When she turned to Faraj, she held a yellow poppy blossom. Her countenance revealed nothing, yet in it, he recognized a glimmer of the wife he had known and loved for long. Something had changed inside her.

“Good-day, Faraj. You also, Khalid of al-Hakam. The peace of God be with you.”

“News has come from Gharnatah.” Faraj waved the parchment in her face. “Do you want to know the contents of this letter?”

“If you wish to tell me, then I am glad to hear it.”

He snorted at her demure tone. “The
Diwan al-Insha
summons all governors of the provinces to attend the coronation of the new Sultan of Gharnatah, Abu’l-Juyush Nasr, fourth of his line. According to this letter, the ministers have forced Sultan Muhammad the third to abdicate in favor of his younger brother. The Sultan has been ill for some time. The council believes his mind is affected. He has become an imbecile. He cannot rule. The council claims to have the support of the military. The new
Hajib
, Ali ibn al-Jayyab, signed this letter. I can only assume that Muhammad’s prime minister, Ibn al-Hakim, has been removed or is dead.”

An audible sigh escaped Fatima. “Then, it is over.”

“Yes. Nasr’s treachery is complete. Now tell me the truth, if you can still speak it. This news does not surprise you, does it? Before I came here, you knew what I would say.”

“Yes, husband, I did.”

Faraj dismissed Khalid and sank down on Fatima’s bed. “I await your explanation.”

Fatima sat beside him. “Baraka spoke to me this morning.”

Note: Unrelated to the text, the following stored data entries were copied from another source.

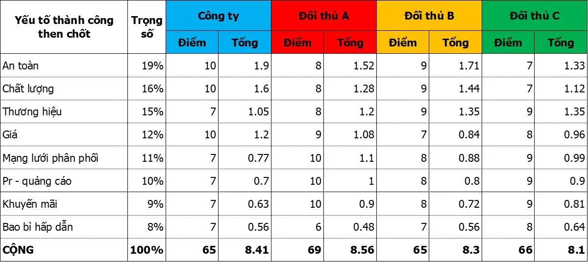 Công ty nào có tổng điểm càng cao đồng nghĩa khả năng cạnh trạnh để thành công của công ty đó càng cao trên thị trường. Ngược lại công ty nào có tổng điểm càng thấp thì khả năng cạnh tranh kém hơn.Xem thêm Đào tạo Mini MBA thực chiến
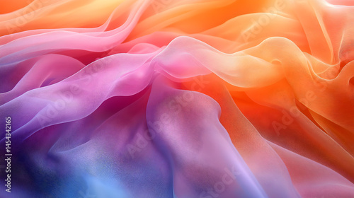 © Nawab stock, Fototapeta premium Close-up of swirling pastel rainbow fabric tulle with rich texture
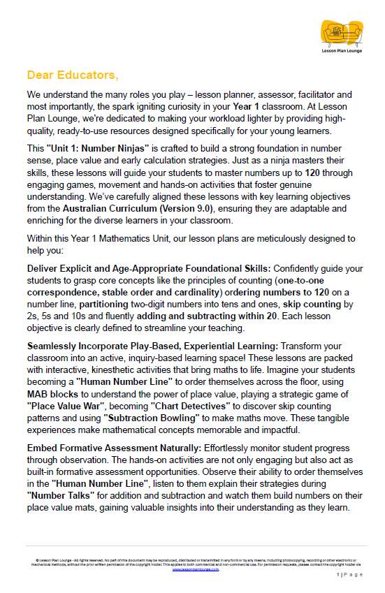 Transform your classroom into an active, ninja-training dojo with our "Unit 1: Number Ninjas" for Year 1! This is the first of four comprehensive units that together cover all mandatory content descriptors for the Year 1 Australian Mathematics Curriculum (Version 9.0).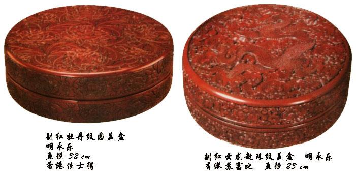 迄今为止,古代漆器在国际市场上的最高价是多少呢?2001年,在香港佳士得春季拍卖中有一个牡丹纹的剔红盒子,卖了1287万元人民币,这是目前的一个纪录。一个漆盒子卖到这个价钱,今人想起来都觉得很神奇。古人留下这么一个盒子,居然值两座别墅。到了2004年,香港苏富比秋季拍卖中有一个云龙纹的剔红盒子,也卖了1194万元人民币。这两件剔红的漆器都是明朝永乐时期的。我在讲《陶瓷篇》青花瓷时讲过,永乐一直到宣德时期,明朝跨越了建国初期的困境,国力开始增强,此时的工艺品也表明国家的国力。从小看大,从微观看宏观,就是这个道理。永乐的剔红盒子得到现在国际市场确认的一个价格,可以看到当时中国呈现出一个多么强盛的状态。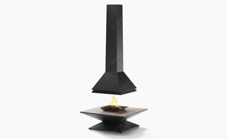Яркий представитель каминного стиля хай-тек. Этот островной камин отлично дополнит и украсит интерьер Вашего дома. Преимущество данной модели камина состоит в том, что он может быть использован в нескольких вариантах: -как открытый очаг с возможностью наблюдать красивейшую игру пламени вживую, и создании романтической обстановки для теплого вечера -и как камин с закрытой топкой при установке защитных огнеупорных стекол, что удобно в случае, если в доме бывают дети и собираются большие компании. Защитные стекла могут быть просто приставными, а могут фиксироваться магнитами. Управление магнитными фиксаторами может осуществляться  с дистанционного пульта. Камин прост в обслуживании, не требует к себе особого технического внимания. Технические параметры: Центральный (островной) камин Ширина столешницы — 122 см Ширина и длина дымосборника — 82 см Высота тумбы — 44 см Стенка дымохода — 27 см  Общая высота  — 360 см (индивидуальный параметр) Вид топлива — Дрова Сталь—конструкционная, котловая сталь, толщина стали в термонагруженных участках 10 мм Покрытие - немецкая термостойкая краска, рассчитанная на температуру нагрева более 1000 С Материал столешницы в базовом варианте мрамор Crema Marfil, возможен вариант с другим камнем Жаростойкое и ударопрочное стекло толщиной 6 мм, выдерживающее длительные температурные нагрузки Регулировка положения основания камина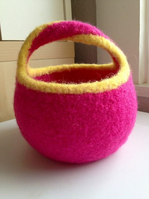I finally caught the felting bug. For years, I never understood why people would bother to knit something huge, only to have it shrink into something small. It always seemed counterproductive to me. If you want a small thing, knit a small thing. It’s faster. Now that I’ve caught the bug, I realize I completely missed the point. Felting wool is magical!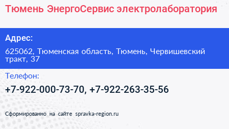 Тюмень ЭнергоСервис, электролаборатория по адресу 625062, Тюменская область, Тюмень, Червишевский тракт, 37 в дальнейшем Организация, размещена в следующих категориях: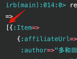 irb(main):028:0> result[:Items].first[:Item][:title]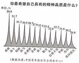 坚强,拼搏,奋斗,勤劳,勇敢,奉献……这些词汇伴随着人们的成长,成为很多人的精神坐标。毛泽东同志曾说:“人是要有一点精神的。”人的一生需要什么精神?日前,中国青年报社社会调查中心联合问卷网对2064名青年进行的专项调查显示,超过半数受访者表示,勇敢和奋斗是他们最希望具备的精神品质。

She glanced at him. Her lower lip trembled. Did she fear what he thought of her meetings with Baraka? Bazu had reported through Khalid that the Genoese woman had come earlier and, after a trifling discussion about the weather, gave Fatima a flower, presumably the one she held now. “You may continue.”

She sniffed the petals. “Yellow poppy is the flower of victory and success among the Turks. Almost each day for a year, Baraka has brought me flowers with many meanings. Chamomile for patience. Blue violets for faithfulness and watchfulness. Even the rose leaf for hope. The flower always reflected the mood she hoped I might adopt. Her blossoms also served as warnings of danger or great tidings.”

“How did she know of the
Diwan
’s actions before I did?”

“She has a…an old friend in Gharnatah among the council members.”

“You mean one of her former lovers, of course.”

Though he did not ask a question, she nodded. “They are not lovers now, I assure you. I believe the man may remember her with some fondness.”

“My pride doesn’t suffer because of her betrayal. Her lovers - yes, I have always known of them, but they never concerned me. I should whip and sell Baraka for her defiance now. I told everyone you were to remain ignorant of anything that transpired beyond the walls of our home. What am I to do with you?”

She bowed her head. “You may do whatever you wish to me. I shall submit. Please do not hurt Baraka. She has been kind to me.”